[Saved entries]
◇ ◇ ◇ ◇ ◇ ◇ ◇

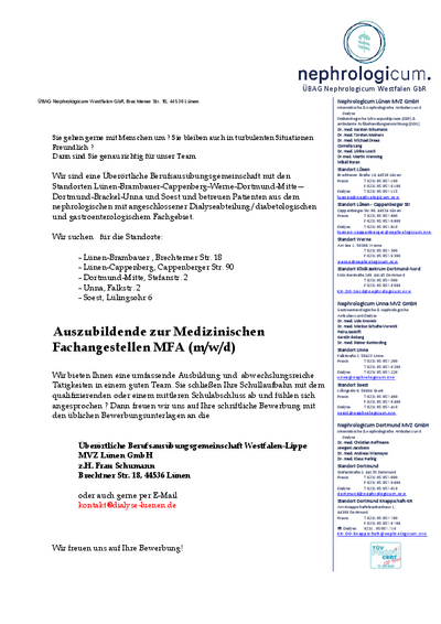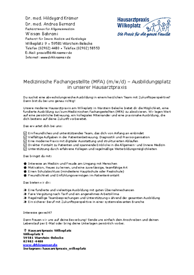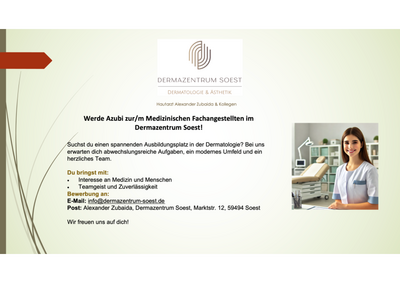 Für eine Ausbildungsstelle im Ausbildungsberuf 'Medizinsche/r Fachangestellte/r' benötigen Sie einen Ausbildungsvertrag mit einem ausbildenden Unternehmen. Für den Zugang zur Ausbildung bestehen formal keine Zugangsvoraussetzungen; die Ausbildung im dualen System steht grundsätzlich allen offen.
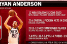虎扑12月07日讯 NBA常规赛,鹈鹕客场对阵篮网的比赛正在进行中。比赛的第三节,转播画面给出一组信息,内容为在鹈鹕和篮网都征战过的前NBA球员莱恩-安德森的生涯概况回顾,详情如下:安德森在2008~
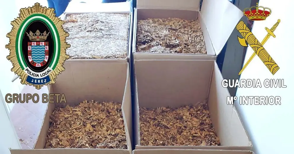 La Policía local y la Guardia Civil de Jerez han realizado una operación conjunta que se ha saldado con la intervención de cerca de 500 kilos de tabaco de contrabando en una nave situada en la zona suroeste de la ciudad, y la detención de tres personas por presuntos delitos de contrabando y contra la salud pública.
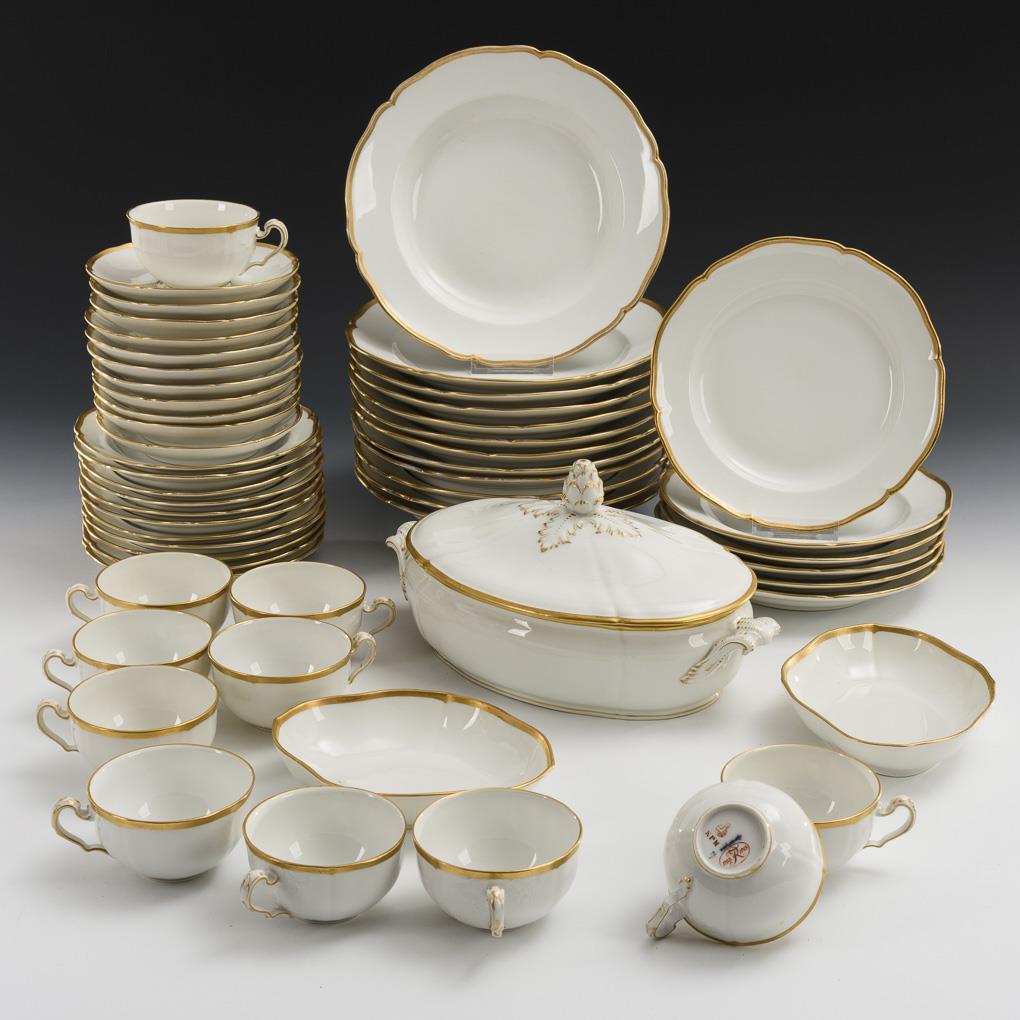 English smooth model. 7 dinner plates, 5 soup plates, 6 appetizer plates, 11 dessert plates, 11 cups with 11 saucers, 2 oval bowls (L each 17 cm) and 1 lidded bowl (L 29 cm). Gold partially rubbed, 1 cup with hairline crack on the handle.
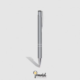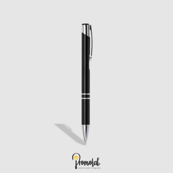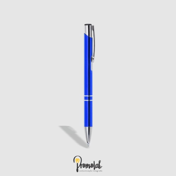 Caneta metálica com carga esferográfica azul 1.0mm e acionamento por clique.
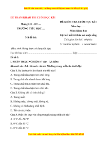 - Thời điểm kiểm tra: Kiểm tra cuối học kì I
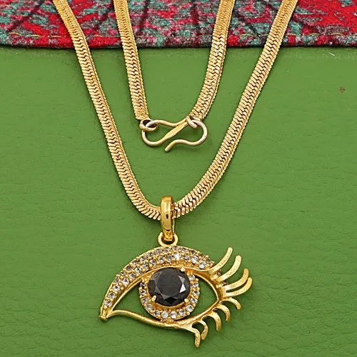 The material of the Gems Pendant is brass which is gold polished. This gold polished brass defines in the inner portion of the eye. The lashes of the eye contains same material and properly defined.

◇ ◇ ◇ ◇ ◇ ◇ ◇

* [What you have to do]: Could the entries above be written out word for word, with no pictures?

* [Result]:
 Für eine Ausbildungsstelle im Ausbildungsberuf 'Medizinsche/r Fachangestellte/r' benötigen Sie einen Ausbildungsvertrag mit einem ausbildenden Unternehmen. Für den Zugang zur Ausbildung bestehen formal keine Zugangsvoraussetzungen; die Ausbildung im dualen System steht grundsätzlich allen offen.
虎扑12月07日讯 NBA常规赛,鹈鹕客场对阵篮网的比赛正在进行中。比赛的第三节,转播画面给出一组信息,内容为在鹈鹕和篮网都征战过的前NBA球员莱恩-安德森的生涯概况回顾,详情如下:安德森在2008~
 La Policía local y la Guardia Civil de Jerez han realizado una operación conjunta que se ha saldado con la intervención de cerca de 500 kilos de tabaco de contrabando en una nave situada en la zona suroeste de la ciudad, y la detención de tres personas por presuntos delitos de contrabando y contra la salud pública.
 English smooth model. 7 dinner plates, 5 soup plates, 6 appetizer plates, 11 dessert plates, 11 cups with 11 saucers, 2 oval bowls (L each 17 cm) and 1 lidded bowl (L 29 cm). Gold partially rubbed, 1 cup with hairline crack on the handle.
 Caneta metálica com carga esferográfica azul 1.0mm e acionamento por clique.
 - Thời điểm kiểm tra: Kiểm tra cuối học kì I
 The material of the Gems Pendant is brass which is gold polished. This gold polished brass defines in the inner portion of the eye. The lashes of the eye contains same material and properly defined.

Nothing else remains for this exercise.